Lo normal es que cada uno vaya protegido con el muro que se levanta al sacar su dispositivo móvil, y fijar toda su atención allí. Y este es un fenómeno que no entiendo mucho, porque las noticias reportan que cada minuto son robados unos miles de teléfonos celulares, pero en ningún caso las personas dejan de usarlo en medio del transporte público. Hay de todos tamaños, colores y precios. Cosa que me pregunto menudo es, como alguien con un aparato de ese perfil, viaja en transporte público? Eso me recuerda a los tiempos en que veía en mi país ranchos con parabólicas.

Todos van como diciendo “no me importa la que pase fuera de mi”. No me veas, no me hables, respeta mi espacio (y no por el COVID).
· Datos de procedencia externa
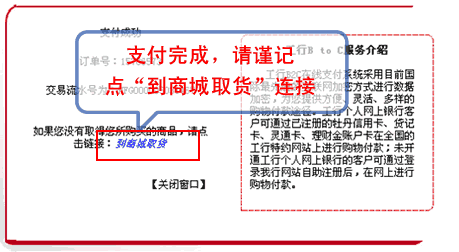 6、支付完成,請點“到商城取貨”連接,請謹記進行此操作,否則可能掉單!!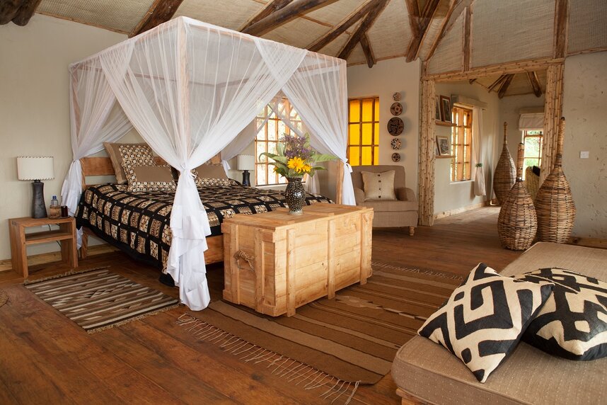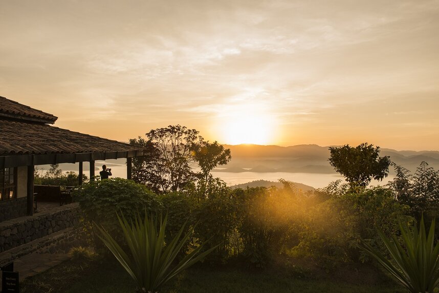 Die kleine Ökolodge auf 2.300m Höhe hat den wohl schönsten Rundum-Blick auf die Seen Ruhondo, Burera und zu den Virunga Bergen. Der Park National des Volcans ist etwa 40 Minuten entfernt. Im Haupthaus befindet sich die große Lounge mit Speisebereich und einem offenen Feuerplatz. Hier serviert das herzliche Personal die Mahlzeiten. Guy Krenzer und Stephane Chicheri, die renommierten Küchenchefs vom Le Nôtre Restaurant in Paris, haben zusammen mit dem Küchenchef der Virunga Lodge neue ruandisch inspirierte Speisen konzipiert. Freuen Sie sich auf viele kulinarische Höhepunkte. Am Abend verbreitet das Feuer des Kamins in der Lounge wohlige Wärme und eine angenehme Stimmung. Im "Ikirunga Spa" können Sie bei einer Massage entspannen (eine 30-minütige Massage ist pro Gast und Aufenthalt inklusive). Die Lodge wird mit Solarstrom betrieben.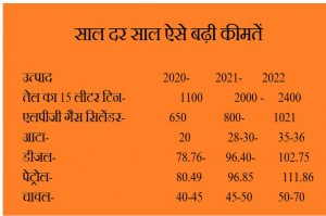 खाने के तेल के दाम सबसे ज्यादा बढ़े हैं। शुरू में यह दाम अस्थायी रूप से बढ़े थे, लेकिन बाद में यह बढ़े हुए दाम पर स्थिर हो गए हैं। जो खनिज तेल साल 2020 में फरवरी के महीने तक 1100 रुपए में 15 लीटर मिल रहा था, वही कोरोना के दौरान 1200 तक पहुंचा और लॉकडाउन खुलने के बाद 1500 पर जा पहुंचा। लेकिन यह यहीं नहीं थमा। शुरू में कोरोना की आड़ लेकर बढ़ा फिर इसने पीछे मुड़कर नहीं देखा। 2021 दिसंबर तक इसकी कीमतें 2000 रुपए को पार कर गईं, जबकि अभी साल 2022 में अप्रैल की कीमतें 2400 के ऊपर चल रही हैं। तेल में 150 फीसद तक की वृद्धि हुई है।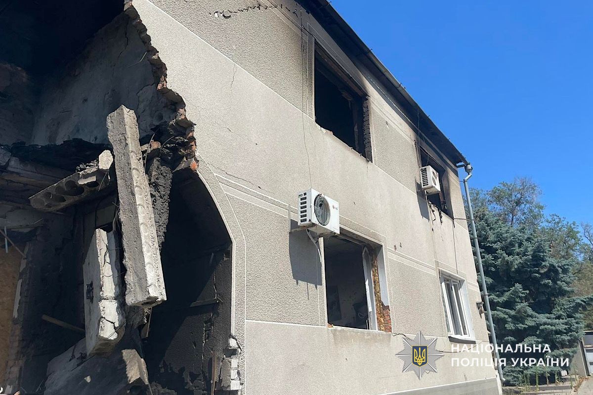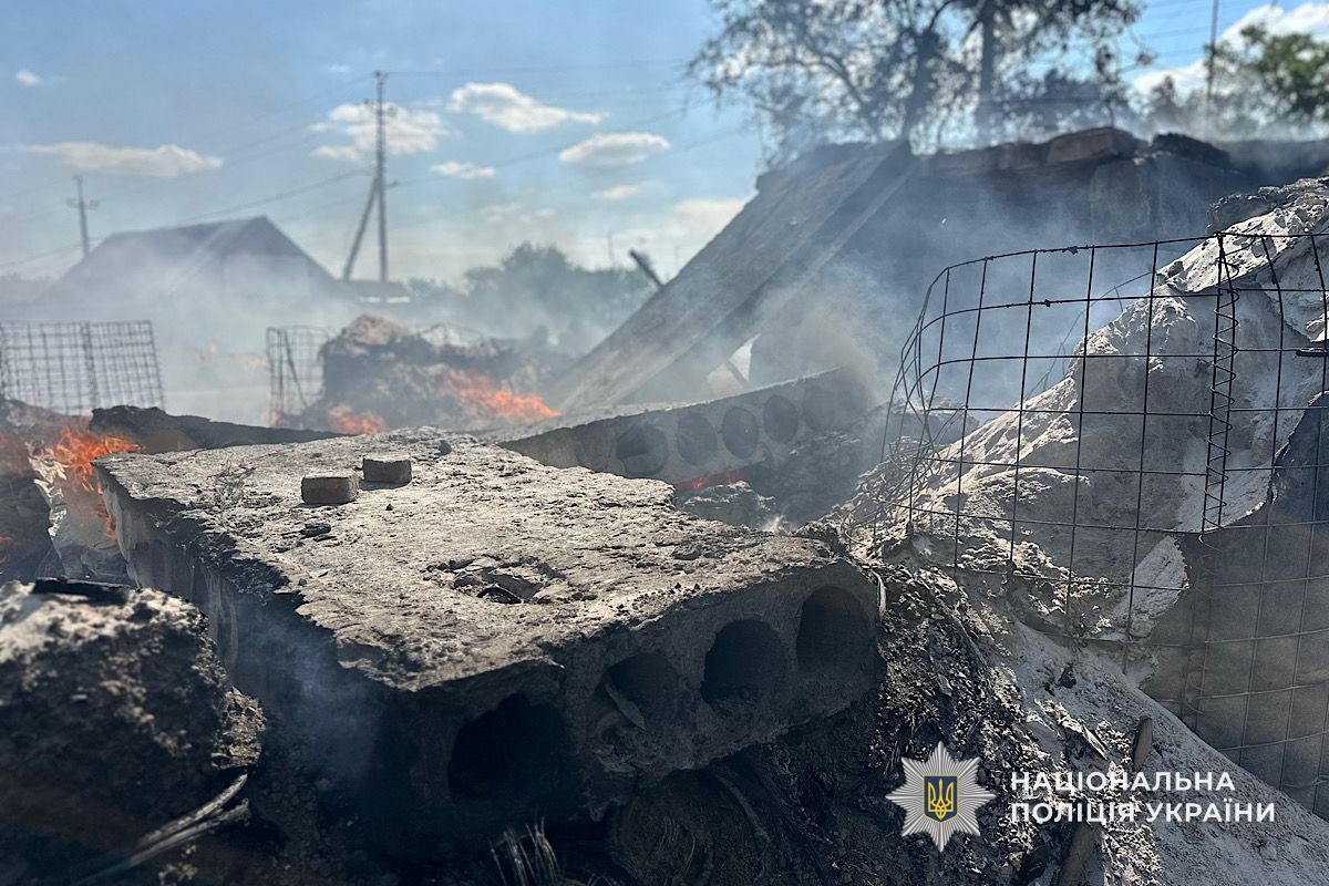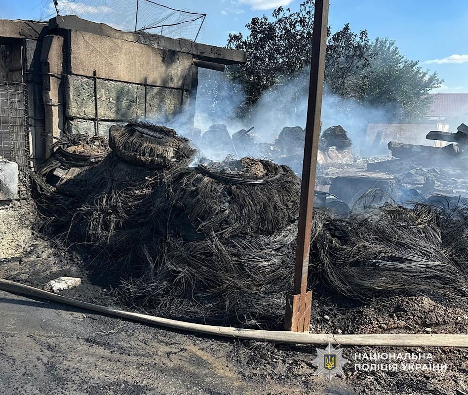 Цього ж дня агресори цілеспрямовано скерували декілька дронів по місцю несення служби поліцейських Нікопольського районного управління поліції - будівля вигоріла вщент. На щастя, ніхто з правоохоронців не постраждав.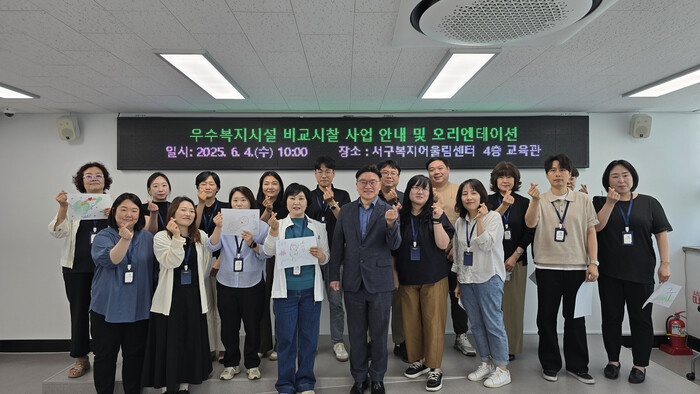 | ▲ 우수복지시설 비교시찰 사업 안내 및 오리엔테이션에 참석한 관계자들이 기념촬영을 하고 있다. (사진=인천 서구청 제공) |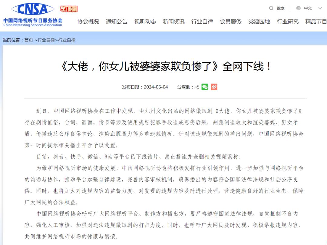 近日,中国网络视听协会在工作中发现,九州文化出品的网络短剧《老大哥,你女儿被婆婆家欺负惨了》剧情低俗,涉及使用残酷犯罪手段的台词、画面、情节等造成不良后果,刻意制造放大、渲染婆媳、男女分歧、传播违反公序良俗言论、渲染血腥暴力等诸多违法行为。中国网络视听协会首次提醒相关播出平台处理这一违规微短剧的播出问题。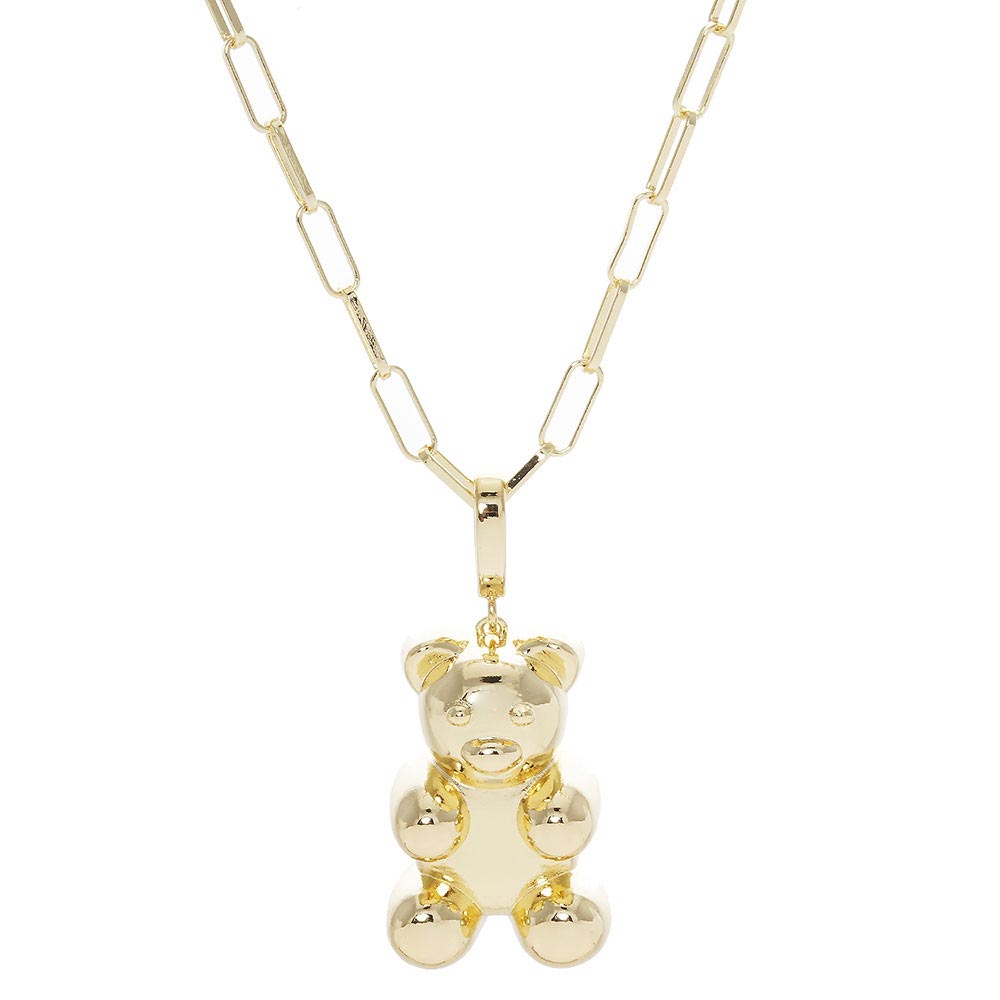 Gold Dipped CZ Embellished Metal Bear Pendant Necklace

Nuestra capacidad de evasión se ha desarrollado exponencialmente con el uso de la tecnología. Y me incluyo allí, porque déjame en una isla desierta con un móvil y wifi, y puede que no me de cuenta que faltan humanos a mi alrededor 😔. Nos llama más la atención ver la vida “perfecta” de gente que no conocemos ni veremos jamás en persona, que darnos cuenta de la necesidad del prójimo que viaja al lado. Eso ocurre a veces con los que acompañan en el transporte público (y nos parece normal que nos distanciemos porque no los conocemos), y otras con respecto a los mismos que son parte de nuestra vida y ahí, si rodamos.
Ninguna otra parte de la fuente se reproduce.